Naturalmente que, havendo amor e interesse genuíno de ambos, mas algumas deficiências forem percebidas, sempre se pode “concertar” ou como Jung dizia, retomar o traçado original que se perdeu. Mas nenhum concerto será possível, se esses aspectos forem negligenciados por um dos lados. Achar que tudo isso é bobagem e que depois de casar se ajeita, ou que a indiferença do outro é “apenas uma coisa do signo dele”, não vai ajudar a enfrentar o problema. De fato, essas pessoas hiperansiosas por casar, costumam não ver “problemas” no comportamento ausente do outro, e mesmo quando os percebem, são minimizados ou escondidos na gaveta com a etiqueta “tratar depois do casamento”.
Quando perguntar ao outro se ele lhe ama, a resposta “hum hum” for suficiente para ir atrás do vestido de noiva, você pode estar cometendo um erro comum, mas grave. Mesmo que o seu companheiro esteja de saco cheio por ser a milionésima centésima vez que você faz a pergunta (naquela semana apenas), desligar os aparelhos da atenção não é um sinal de vida longa e próspera para o relacionamento.
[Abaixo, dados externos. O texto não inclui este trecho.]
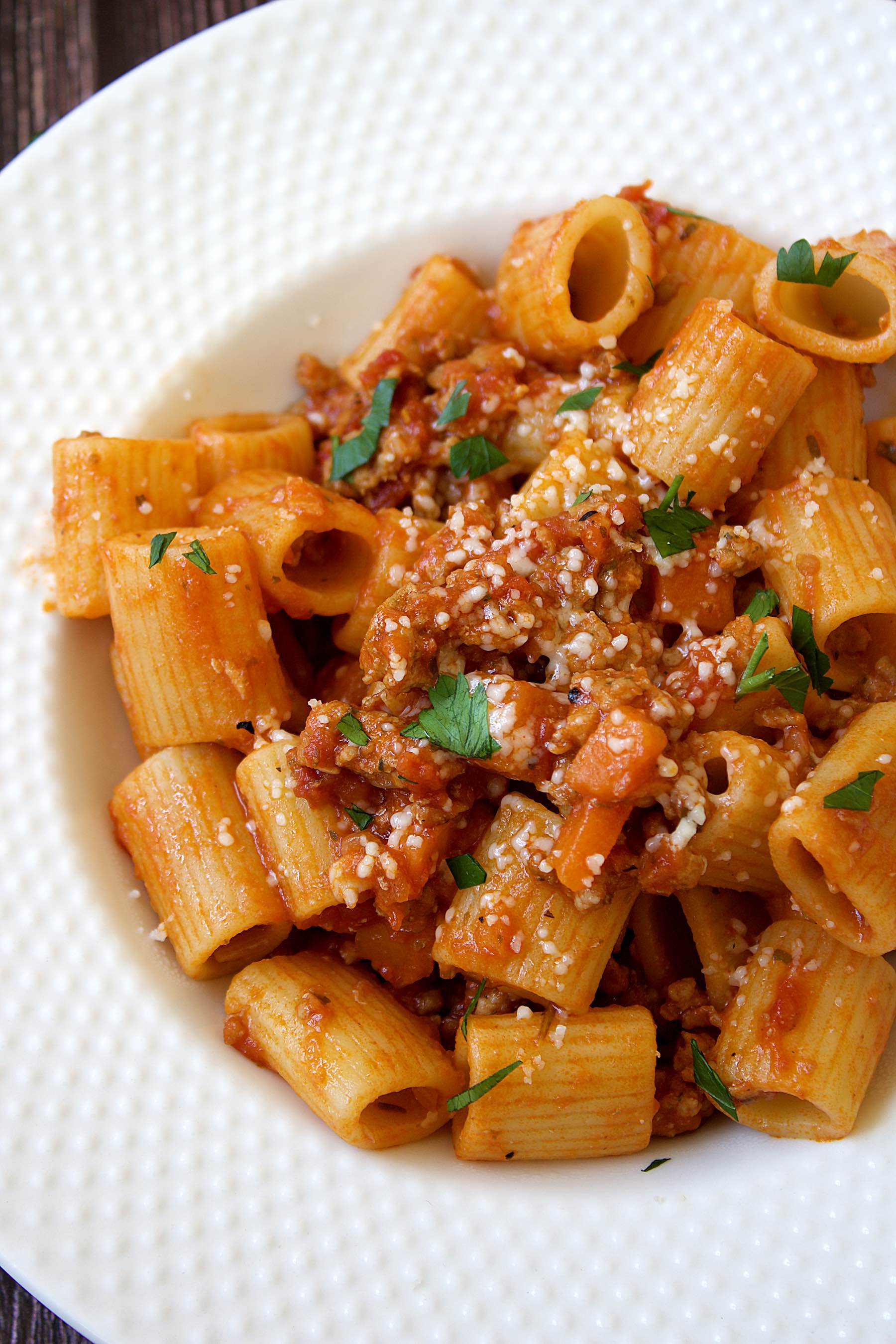 Une recette bien réconfortante de pâtes à la sauce tomate avec un petit twist : de la chair à saucisse au lieu du boeuf pour un résultat 100% gourmand. Un peu comme une bolognaise mais légèrement différent.

Quando olhar para o outro: veja. Olhe reparando, escaneando como se diz.
Quando o outro estiver falando escute e ENTENDA (se não entender faça perguntas).
Quando você falar certifique-se de que está se dirigindo à pessoa e não ao vácuo estelar. Se perguntar alguma coisa, esteja PRESENTE para ouvir a resposta. Mais que isso não antecipe a resposta que quer ouvir.
Concentre-se em cada coisa, em cada tarefa, concentre-se no outro que está à sua frente, observe-o. Pergunte-se: sou capaz de ligar para ele ou ela? Se algo ruim acontecer com ele ou com ela, vai me afetar?